第2話 『花の騎士』マウリシオ。
今回は摂政殿下マウリシオ視点。
茶番だ。それは判っている。
否、それが判っているからこそ、演技というものにも、身が入らない。
私の悪い癖だ。
そもそも、本来ならば、兄である国王陛下がこの役目を果たすべきところではあったのだが、奴め、演技であってもお気に入りだった聖女に偽物の宣告を申し渡すのは忍びない、などと言い出して外遊に逃げおった。
私だって、自ら叙任した聖女に追放宣告など、やりたくなどないのだ。
それは、確かに『花園』への帰還に過ぎないかもしれないが、世俗との永遠の別れと同義であるが故に。
今代の聖女は、元を辿れば庶民の間に零れ落ちた種から花開いた娘だった。
長い歴史の中であれば、聖女の血筋の家系が没落して庶民の間に埋もれて行くこともある。
またはその血を引く男が戯れで種をばら撒いていたり、などという不始末も、案外そこら辺に転がっている話ではある。
故に、それ自体は不思議ではない。
ただ、今代の聖女、グレシア嬢は、随分と『花園』に気に入られていた。
そして、花守である私たち王家の者からも。
この国、オルフェリアは『聖なる花園』を中心として発展してきた国だ。
国の民からはただ、『花園』と呼ばれる場所から得られる各種の薬草、香草、それらは他国には一切存在しないものであるが故、この国の外では、常に高値を付け続けている。
のみならず、国の境を定めた時から、この国全土が『聖なる花園』の眷属の地、として『花園』の力に守られている。
幾度も侵攻を試みた国や宗教勢力はあったが、全てこの『花園』の力が拒むことで、彼らは越境すらままならず、そしてやがて自国の不作凶作にあえぎ、ある国は滅び、ある宗教は廃れ果てていった。
古い伝承では、この『花園』の中心で、創世神の愛し子が、ひと時の眠りに就いているのだと言われている。
真偽は定かではない。なにせ、神代の話であるうえに、歴代の聖女たちもそのような方は見た事がないと、そう述べるので。
無論、時折『花園』のほんの入り口に訪れるだけの私も、見た事も、感じ取ったこともない。
それは歴代の『花の騎士』も、記憶にある限りの皆が、そうであったのだ。
『花の騎士』たる者は、それまでの、歴代の『花の騎士』全ての記憶を、記録を、覚え引き継げるものでなくてはならない。
だから、兄ではなく、弟である私が選ばれた。
そして、次代は幼い兄の子達ではなく、未だその影形すらない、彼らの子の誰かになるはずだ。
そう、『花の騎士』は、『花園』に関わる未来をも、ある程度は見通すのだ。
だから。
最初から、今代は『花園』に戻るだろう、と、判っては、いたのだ。
茶番劇の翌日には、もういつもの通り、『花園』を訪問する。
それは、『花の騎士』としての日常、予定通りの行動。
追放劇など、なかったかのように。
実際、公式の記録には、追放刑の記述など残らない。
書かれるのはたった二種類の宣言だけだ。
『聖女は、『花園』を出ることを選び、某家預かりとなった』
『聖女は、『花園』を出ることを選ばず、その生涯を『花園』に捧げることとなった』
この、どちらかしか、記録には記されない。
この国の歴史上、そうでなかった記録は、存在しないのだ。
今代の聖女であったグレシア・マスフィルド嬢は、庶生の娘、という触れ込みではあったが、実際には市井の出であることは調査済みであった。
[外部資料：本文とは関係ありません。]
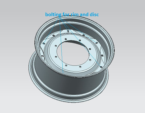 #4. عملية تصنيع جنط الإطار باستخدام خطوط إنتاج جنط إطارات سيارات الركاب والشاحنات في العادة يوصل مع قرص الجنط (الطاسة) من خلال عمليات اللحام. أما في حالة خطوط إنتاج جنط إطارات المعدات الزراعية بشكل عام، يربط طوق وقرص الجنط مع بعضها بواسطة مسامير التثبيت.
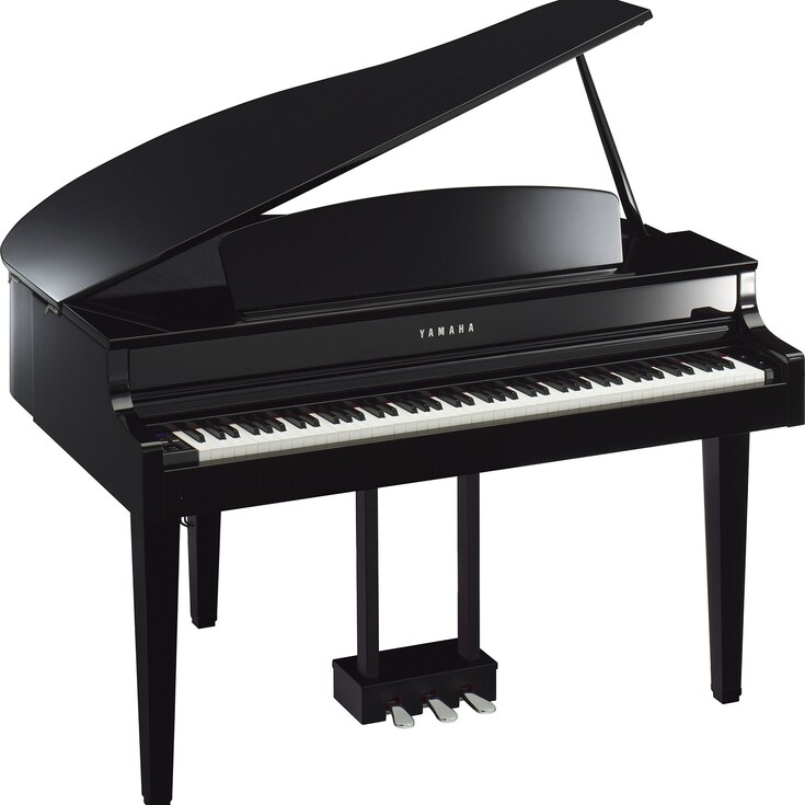 Apprezza l’aspetto elegante della struttura di un pianoforte a coda con una finitura lucida, così come il tocco e il suono di un pianoforte a coda
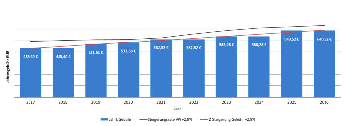 Die langfristige Gebührenentwicklung wird durch folgende Grafik abgebildet:
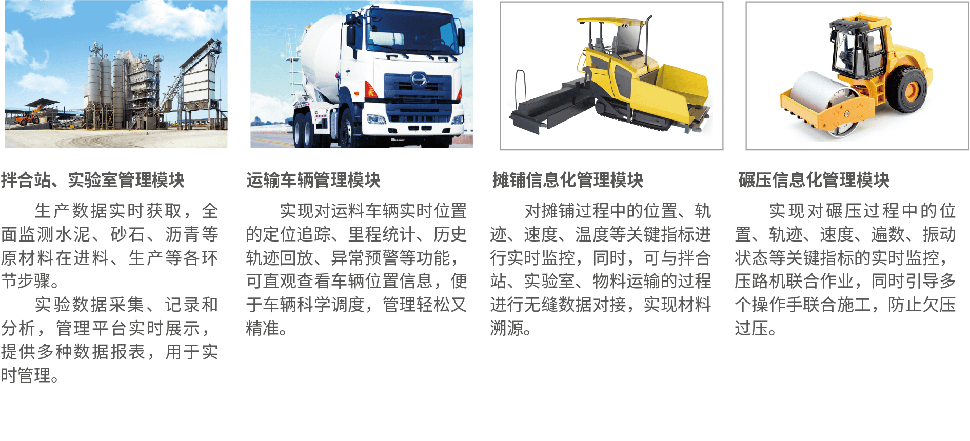 • 加強質(zhì)量控制:對路面施工過程中,混合料的拌合、運輸、攤鋪、碾壓四項工作核心質(zhì)量的信息化監(jiān)控,實行動態(tài)質(zhì)量管理,加強施工過程質(zhì)量控制,確保施工質(zhì)量穩(wěn)定性。

その割に、養父たるマスフィルド子爵は、随分と彼女を可愛がっていたという。
とはいえ、これは聖女絡みではよくある話ではある。
情が移る、というのとも違うらしい。
聖女候補であるかどうかが、見る者によっては一目で、はっきりと判ってしまうほどに、彼女たちは、人を惹きつける、らしい。
グレシア嬢のそれは、特に花守たる王族に対して顕著にそれが現れていた。
マスフィルド子爵家は今でこそ子爵家に落ち着いているが、元々王族の傍系の家系でもある。
追放劇を選んだ元聖女は、原則として刑の執行という言い訳のもとに、略式で籍を抜かれる。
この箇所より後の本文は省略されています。